If \(z_0\) is an isolated singularity of \(f(z)\) and \({\left\lvert {f(z)} \right\rvert}\) is bounded near \(z_0\), then \(z_0\) is removable.
More generally, TFAE:
- \(f\) extends holomorphically over \(z_0\), i.e. there is a function \(F\) such that \({ \left.{{F}} \right|_{{\Omega\setminus\left\{{z_0}\right\}}} } = f\)
- \(f\) extends continuously over \(z_0\).
- There exists some neighborhood of \(z_0\) on which \(f\) is bounded.
- \(\lim_{z\to z_0}(z-z_0)f(z) = 0\).
Showing a singularity \(z_0\) of \(f\) is removable: it suffices to show
- Expand \(f(z) = \sum_{k\in {\mathbb{Z}}} c_k z^k\) and show \(z_k=0\) for \(k<0\).
- Show \(\lim_{z\to z_0}f(z) \neq \infty\)
Exercises
Show that there is an entire function \(h\) such that \begin{align*} {\pi^2\over \sin^2(\pi z)} = \sum_{k\in {\mathbb{Z}}} {1\over (z-k)^2} + h(z) .\end{align*}
- The principal part of \(f\) at \(z=z_0\) is gotten by expanding \(f(z) = \sum_{k\in {\mathbb{Z}}} c_k z^k\) and taking \(\sum_{k\leq 1} c_k z^k\).
- Common trick: to control a singularity, subtract off a function with the same principal part at that point.
Write
- \(f(z) = {\pi^2 \over \sin^2(\pi z)}\)
- \(g(z) = \sum_{k\in {\mathbb{Z}}} {1\over (z-k)^2}\)
Write the above equation as \(f(z) = g(z) - h(z)\) and consider \(h(z) \coloneqq f(z) - g(z)\).
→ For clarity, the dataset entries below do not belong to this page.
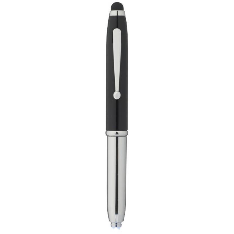 Xenon stylus ballpoint pen with LED light. Stylus ballpoint pen with single LED flashlight and removable cap. Batteries included. Aluminium.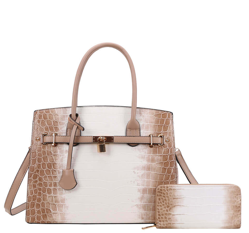 - 2-in-1 Tie-dyed Hot Crocodile Satchel Set + Wallet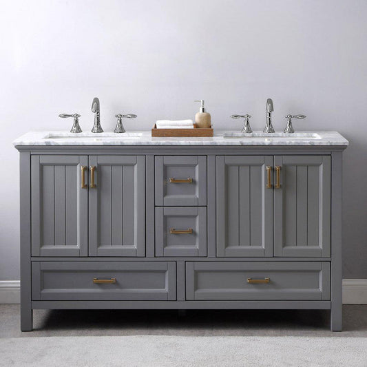 Altair Isla 60" Double Gray Freestanding Bathroom Vanity Set With Natural Carrara White Marble Top, Two Rectangular Undermount Ceramic Sinks, and Overflow

Then \(h\) is meromorphic with singularities precisely on the set \({\mathbb{Z}}\), and are thus isolated. By the classification of isolated singularities, these can be removable, poles, or essential. If they are removable, then \(h\) is entire.
Consider the singularity at \(z_0 = 0\). This is a pole of \(f\), and a computation shows it is order 2: \begin{align*} f(z) &= \qty{\pi \over \sin(\pi z)}^2 \\ &= \qty{\pi \over \pi z - {1\over 3!}(\pi z)^3 + { \mathsf{O}} (z^5) }^2 \\ &= \qty{\pi \over \pi z (1 - {1\over 3!}(\pi z)^2 + { \mathsf{O}} (z^4))}^2 \\ &= {1\over z^2} \qty{1 \over 1 - {1\over 3!}(\pi z)^2 + { \mathsf{O}} (z^4)}^2 \\ &= {1\over z^2}\qty{1 + { \mathsf{O}} (z^2)}^2 \\ &= {1\over z^2} + { \mathsf{O}} (z^2) ,\end{align*} so \(z=0\) is a zero of order 2 of \(1/f\). This expansion also shows that the principal part of \(f\) at \(z=0\) is \({1\over z^2}\), which is precisely that of \(g\) at \(z=0\), i.e. \({1\over (z-0)^2} = 1/z^2\), Since \(f-g\) subtracts off this part, \(z=0\) becomes a removable singularity for \(h\) since \(\lim_{z\to 0} \qty{ f(z) - {1\over z^2}} = 1<\infty\).
Now note that \(f\) is periodic, and since the period is 1, a similar argument shows that the remaining singularities on \({\mathbb{Z}}\setminus\left\{{0}\right\}\) are all removable for \(f-g\). By Riemann’s removable singularity theorem, \(f-g\) extends over these singularities, yielding an entire function \(h\) that restricts to \(f-g\) on \({\mathbb{C}}\setminus{\mathbb{Z}}\).